After Specialist Vanessa Guillen was killed by another soldier at Fort Hood last April, a civilian review panel looked at how Army investigators handled the case — and the base’s ability to respond to sexual assault and harassment allegations.
The report found the Army’s Criminal Investigation Command to be understaffed, under-resourced and unable to pursue some cases properly.
CID chief Major General Donna Martin gave an update regarding the group’s recommendations at a House Armed Services Committee hearing Tuesday.
“As a result of the Fort Hood independent findings, my command started a bottom-up risk assessment of the entire command,” she said.
In her opening remarks, Martin described two programs Fort Hood put in place after the report came out.

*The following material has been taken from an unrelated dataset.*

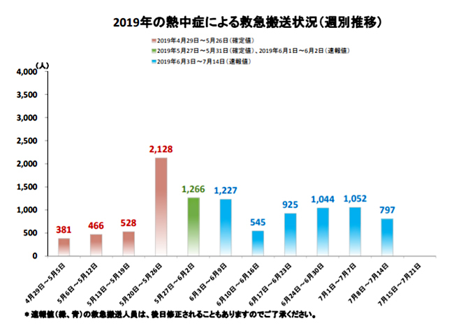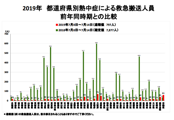 総務省消防庁が発表している熱中症情報によると、7月8~14日の1週間に全国で熱中症によって救急搬送された人数は速報値で797人。前週の1052人から減少に転じた。昨年同期間では7877人(確定値)が救急搬送されており、前年比で10分の1程度となった。

But she didn’t give many examples of CID’s own reforms, which concerned Democratic Congresswoman Jackie Speier of California.
“I'm truly disappointed that that is the extent of what you have gleaned from the report,” she said after Martin’s address.
General Martin said she would push for 300 civilian agents to be added across the agency — some of whom would go to Fort Hood. She also said Army investigators can now stay in place longer when dealing with complex investigations.
The base has gotten better at forensic cell phone analysis, too, Martin added. Issues with cell phone tracking hampered the Guillen investigation and many other missing soldier cases.
But Representative Jim Banks, a Republican from Indiana, said he needed more details about how Martin had improved relationships with civilian law enforcement agencies around Fort Hood.
“I'm not hearing a specific answer about a specific effort at Fort Hood to repair damaged relationships. There should be an extra effort or strategy. I hope that you'll come back and give us more of a specific answer to that question,” Banks said.
CID may switch to a civilian-led agency, according to a report from Army Times. But that proposal hasn’t been approved by Army leaders.